Caro voli, oltre 500 euro per un Roma – Palermo. Romano: “Una vergogna, è tempo che la Sicilia si ribelli”

La questione del caro trasporti da e per la Sicilia è la prova provata di quanto in questi anni la classe politica della nostra regione sia stata incapace di rappresentare in maniera corale gli interessi dei siciliani. Quando tocca sganciare oltre 300 euro per un Milano Palermo – una sola tratta, per intenderci – e con la stessa cifra ci vai a Londra e ti rimane anche qualche spicciolo in tasca, è chiaro che qualcosa non torna. Chi stabilisce le tariffe è alla stessa stregua di un allibratore di scommesse sportive: non sbaglia mai. Provate a prenotare un passaggio aereo verso la Sicilia sotto le vacanze di Natale o dalla fine di giugno in poi: bisognerà fare ricorso ad un mutuo…

Ciò perché le compagnie aeree sanno che c’è il fenomeno del ritorno a casa di studenti e lavoratori sulla rotta degli emigranti. E castigano senza distinzione, dalla compagnia di bandiera alle low coast. E se non sono studenti o lavoratori che tornano a casa, saranno riccastri (o similari) in vacanza: poco cambia nell’ottica dello sfruttamento se si tratta di necessità o voluttà.

Anni fa la pattuglia siciliana del Parlamento Europeo alzò la voce perché per arrivare in Belgio passava trequarti di giornata in aeroporti vari. E così, prontamente, arrivò un collegamento Palermo – Napoli che ridusse a poche ore, l’arrivo a Bruxelles. Ma si trattò di una cortesia istituzionale.

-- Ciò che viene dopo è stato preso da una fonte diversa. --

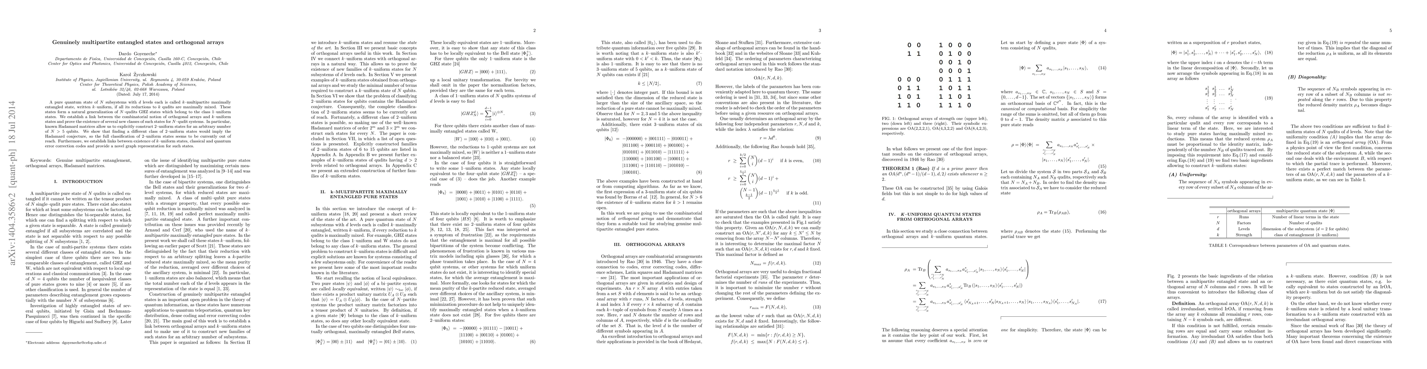 This paper explores k-uniform entangled states, a generalization of GHZ states, and establishes a connection between these quantum states and orthogonal arrays. It constructs 2-uniform states using Hadamard matrices and discusses the implications for the Hadamard conjecture, while also linking these states to classical and quantum error correction codes and introducing a new graph representation.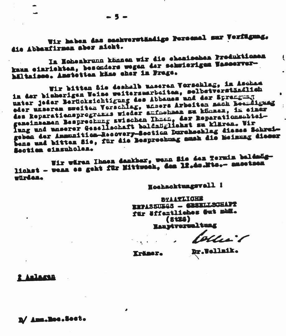 In den Nachkriegsjahren wurde in Aschau Sprengstoffe und Kampfstoffe aus der gesamten amerikanischen Besatzungszone behandelt und dokumentiert. In einem Schreiben der Gesellschaft zur Erfassung von Rüstungsgut wird dies für Aschau näher dokumentiert. Ende des Dokuments |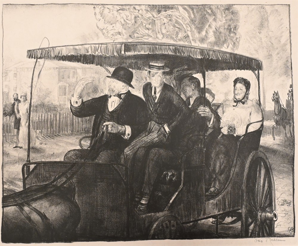 George Bellows (American, 1882 – 1925), Going to the Park, lithograph, edition of 54, signed lower right recto margin Geo Bellows, initialed GB in the plate, Bellows catalog #154, 14″ x 17″.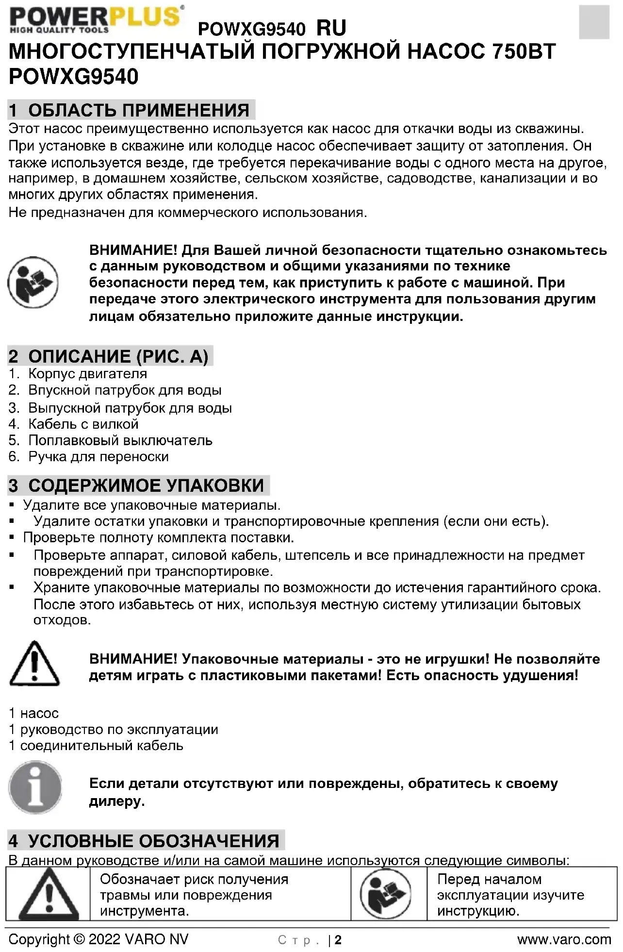 - или гибким трубопроводом. Он должен быть закреплен с помощью предусмотренной для этого ручки или установлен на дне отстойника (оно должно быть чистым, без загрязнений или осадка)POWXG9540 RU Copyright © 2022 VARO NV С т р . | 4 www.varo.com Если уровень воды низкий (длительный период засухи), внимательно следите за тем, чтобы любые загрязнения или осадок после высыхания не препятствовали запуску насоса. Следовательно, необходимо следить за чистотой места установки насоса и периодически запускать насос. Насос всегда должен использоваться в вертикальном положении (ручка сверху). Рекомендуется закрепить насос, прикрепив трос (или аналогичный предмет) к ручке, а другой конец − к легкодоступному статическому объекту. 8 ЭЛЕКТРОПИТАНИЕ Перед запуском насоса убедитесь, что: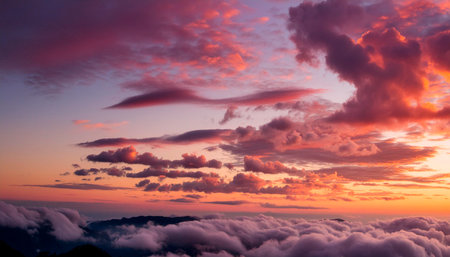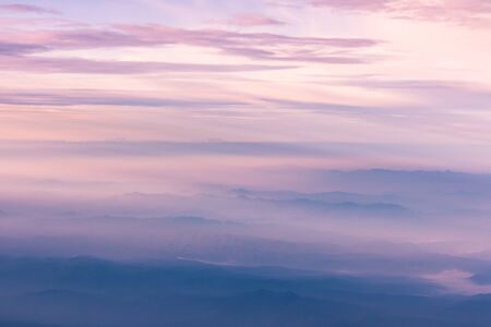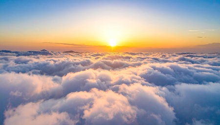 Aerial view of clouds and sky at sunrise. Beautiful nature background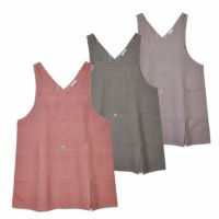 特 徴 :フロント部分のたすきがダブルになったデザイン。たっぷりなポケットとアシメントリーなスリットが特徴のエプロンです。後ろはすっぽりヒップがかくれます。後:釦あき。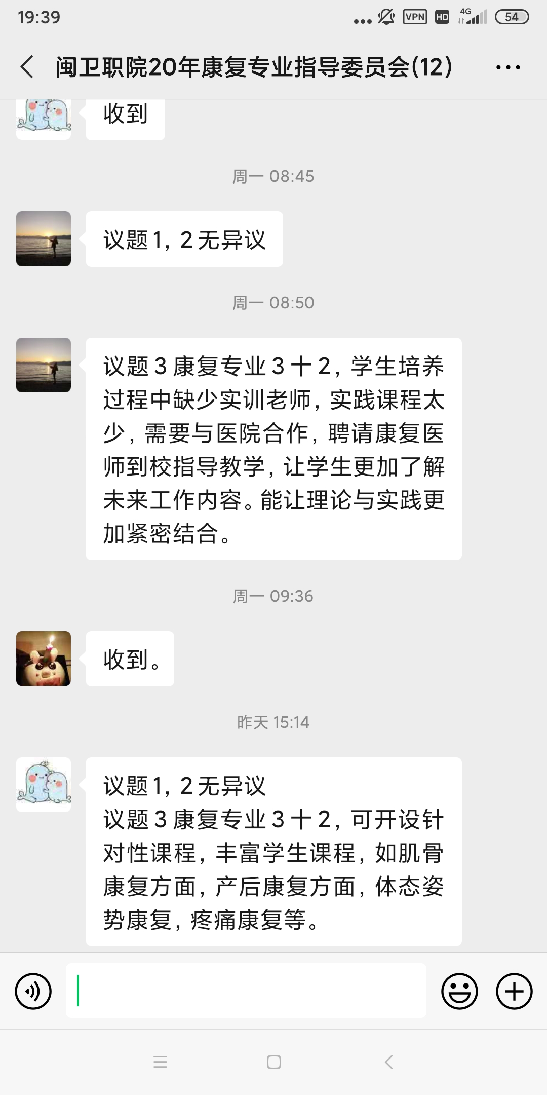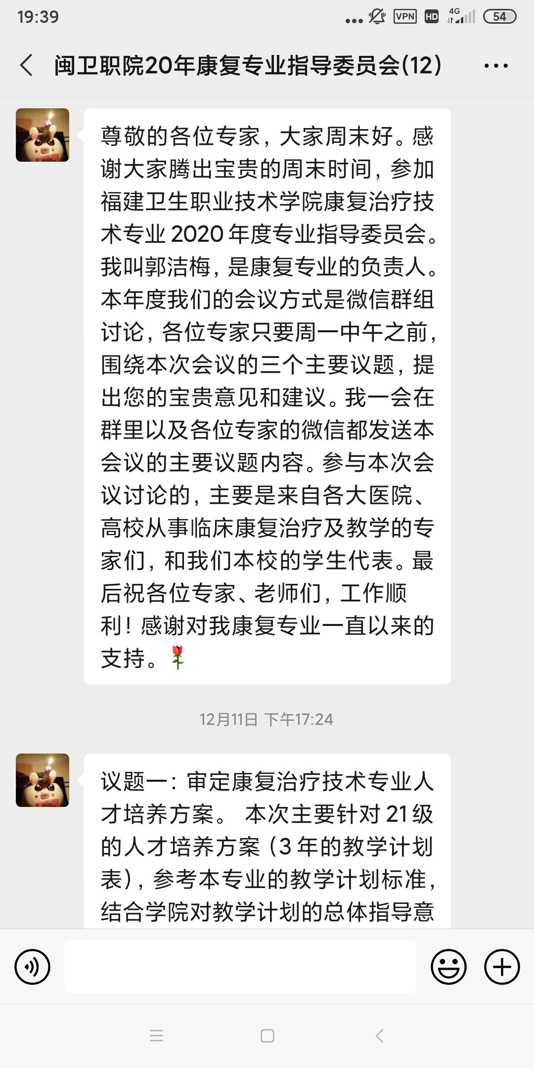 2020年醫(yī)學(xué)系康復(fù)治療技術(shù)專(zhuān)業(yè)指導(dǎo)委員會(huì)例會(huì)于12月11日召開(kāi),會(huì)議采用線(xiàn)上微信群聊的方式開(kāi)展議程。

Oggi c’è in ballo ben altro, l’economia turistica della Sicilia si regge sul sistema del trasporto aeroportuale, la questione delle tariffe è fondamentale per non segnare un altro punto negativo rispetto alla concorrenza  di luoghi che vantano caratteristiche naturali simili e che oggi si chiamano Malta o Croazia.

Su questo tema lo sdegno di Saverio Romano, parlamentare siciliano (Ala – Scelta Civica) è sottolineato da un post su facebook con relativo schermata del costo del biglietto Alitalia da Roma a Palermo: oltre 500 euro è il prezzo della vergogna.

“Una settimana fa – dice Romano – ho interrogato il Ministro Delrio durante il question time (in pratica la sessione parlamentare dedicata al confronto obbligatorio con il Governo, ndr) ma la sua risposta è stata elusiva e deludente. Occorre una presa di posizione forte e determinata da parte di ogni siciliano, parlamentari e governo regionale in testa. Non è più tollerabile che con i soldi pubblici si salva Alitalia e che quest’ultima rapina i siciliani con tariffe assurde”. Non è più tollerabile, si potrebbe aggiungere, che una battaglia a difesa degli interessi dei siciliani e della loro economia non sia cointestata a tutte le forze politiche, specie in un momento di recessione economica e di evidente ritorno del tristissimo fenomeno dell’emigrazione giovanile che grava non poco sull’equilibrio sociale e finanziario delle famiglie.